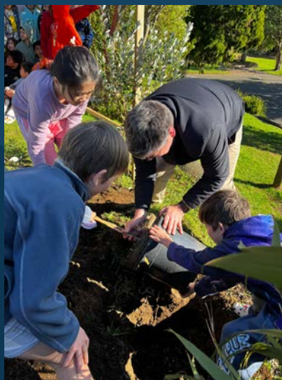
Arbor Day planting

As part of the new strategic plan we will be having more opportunities for whanau to share their thoughts on shaping our school's direction.
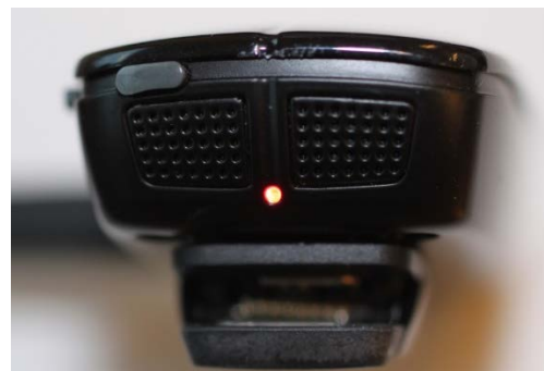
Top view – Charging LED ON

**Exercise goal:** Copy out the listing above in full and leave out its pictures.

**Output for this exercise:**
Arbor Day planting

As part of the new strategic plan we will be having more opportunities for whanau to share their thoughts on shaping our school's direction.
Top view – Charging LED ON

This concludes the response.